Where we were The Ship Canal is about 100 metres across and 90ft deep. And tidal. And full of massive ships. I am an outdoor swimmer, give me any kind of water and I’ll try and swim in it (have been specifically warned about Weils disease in the canals). But not this stretch, it’s not the distance, it’s the danger. This isn’t a canal we have complete control over the water. The tides.

‘They’d be in more trouble now, I reckon if they tried to swim it’
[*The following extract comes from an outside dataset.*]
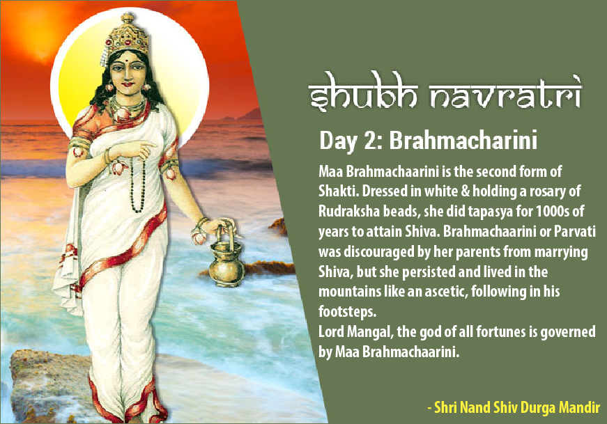 | Stuti, Mantra & Aarti Navratri is a festival dedicated to worship Goddess Durga. In Sanskrit, the word ‘nava’ means nine and ‘ratri’ means nights i.e. ‘nine nights’. Each of these nine days of Navratri is dedicated to a particular Goddess who is worshiped on that day. Goddess Brahmacharini is worshipped on the second day of Navratri. Iconography – Goddess Brahmacharini is depicted as walking on the bare feet. She carries Jap Mala in the right hand and Kamandal in the left hand. Details – Goddess Brahmacharini did severe penance to get Lord Shiva as her husband. She performed hard austerity and due to which she was called Brahmacharini. It is stated that during her penance to get Lord Shiva as her husband, she spent 1000 years on the diet of flowers and fruits and after that she was on the diet on leafy vegetables while sleeping on the floor. Further she followed strict fasting regimen while staying at open place in scorching summers, harsh winters and stormy rains. According to Hindu religion, she was on diet of Bilva leaves for 3000 years while she prayed to Lord Shiva. Later she even stopped eating Bilva leaves and continued her penance without any food and water. She was known as Aparna when she stopped eating Bilva leaves. Governing Planet – It is believed that Lord Mangal, the provider of all fortunes, is governed by Goddess Brahmacharini. Devanagari Name – ब्रह्मचारिणी Mantra ॐ देवी ब्रह्मचारिण्यै नमः॥ Om Devi Brahmacharinyai Namah॥ Prarthana दधाना कर पद्माभ्यामक्षमाला कमण्डलू। देवी प्रसीदतु मयि ब्रह्मचारिण्यनुत्तमा॥ Dadhana Kara Padmabhyamakshamala Kamandalu। Devi Prasidatu Mayi Brahmacharinyanuttama॥ Stuti या देवी सर्वभूतेषु माँ ब्रह्मचारिणी रूपेण संस्थिता। नमस्तस्यै नमस्तस्यै नमस्तस्यै नमो नमः॥ Ya Devi Sarvabhuteshu Maa Brahmacharini Rupena Samsthita। Namastasyai Namastasyai Namastasyai Namo Namah॥ Dhyana वन्दे वाञ्छितलाभाय चन्द्रार्धकृतशेखराम्। जपमाला कमण्डलु धरा ब्रह्मचारिणी शुभाम्॥ गौरवर्णा स्वाधिष्ठानस्थिता द्वितीय दुर्गा त्रिनेत्राम्। धवल परिधाना ब्रह्मरूपा पुष्पालङ्कार भूषिताम्॥ परम वन्दना पल्लवाधरां कान्त कपोला पीन। पयोधराम् कमनीया लावणयं स्मेरमुखी निम्ननाभि नितम्बनीम्॥ Vande Vanchhitalabhaya Chandrardhakritashekharam। Japamala Kamandalu Dhara Brahmacharini Shubham॥ Gauravarna Swadhishthanasthita Dwitiya Durga Trinetram। Dhawala Paridhana Brahmarupa Pushpalankara Bhushitam॥ Parama Vandana Pallavaradharam Kanta Kapola Pina। Payodharam Kamaniya Lavanayam Smeramukhi Nimnanabhi Nitambanim॥ Stotra तपश्चारिणी त्वंहि तापत्रय निवारणीम्। ब्रह्मरूपधरा ब्रह्मचारिणी प्रणमाम्यहम्॥ शङ्करप्रिया त्वंहि भुक्ति-मुक्ति दायिनी। शान्तिदा ज्ञानदा ब्रह्मचारिणी प्रणमाम्यहम्॥ Tapashcharini Tvamhi Tapatraya Nivaranim। Brahmarupadhara Brahmacharini Pranamamyaham॥ Shankarapriya Tvamhi Bhukti-Mukti Dayini। Shantida Jnanada Brahmacharini Pranamamyaham॥ Kavacha त्रिपुरा में हृदयम् पातु ललाटे पातु शङ्करभामिनी। अर्पण सदापातु नेत्रो, अर्धरी च कपोलो॥ पञ्चदशी कण्ठे पातु मध्यदेशे पातु महेश्वरी॥ षोडशी सदापातु नाभो गृहो च पादयो। अङ्ग प्रत्यङ्ग सतत पातु ब्रह्मचारिणी। Tripura Mein Hridayam Patu Lalate Patu Shankarabhamini। Arpana Sadapatu Netro, Ardhari Cha Kapolo॥ Panchadashi Kanthe Patu Madhyadeshe Patu Maheshwari॥ Shodashi Sadapatu Nabho Griho Cha Padayo। Anga Pratyanga Satata Patu Brahmacharini। Aarti जय अंबे ब्रह्माचारिणी माता। जय चतुरानन प्रिय सुख दाता। ब्रह्मा जी के मन भाती हो। ज्ञान सभी को सिखलाती हो। ब्रह्मा मंत्र है जाप तुम्हारा। जिसको जपे सकल संसारा। जय गायत्री वेद की माता। जो मन निस दिन तुम्हें ध्याता। कमी कोई रहने न पाए। कोई भी दुख सहने न पाए। उसकी विरति रहे ठिकाने। जो तेरी महिमा को जाने। रुद्राक्ष की माला ले कर। जपे जो मंत्र श्रद्धा दे कर। आलस छोड़ करे गुणगाना। मां तुम उसको सुख पहुंचाना। ब्रह्माचारिणी तेरो नाम। पूर्ण करो सब मेरे काम। भक्त तेरे च

‘Yeah, maybe’ He agrees ‘I’m glad I didn’t bring my kayak’.

* * *

I spend a day away from the museum working from home in Birmingham, trying to work out what I want to say, what I want to do. It happens this way, part of a process, (what do artists do all day?) writing on big sheets paper, the difficult questions, the snippets of information I have, the answers I don’t. Trying to make clear  to myself what it  is. Both in the bigger sense of the whole residency, legacy and impact (apologies for these terms, you get this from writing applications) and what will be performed as an outcome.

And then I have a break through; focus on one canal, it’s story to tell the bigger stories at large (birth, heyday of canals, deprivation, re-birth and re-use), and I look at my inland water ways map and know it’s got to be The Shropshire Union. 66 miles of it.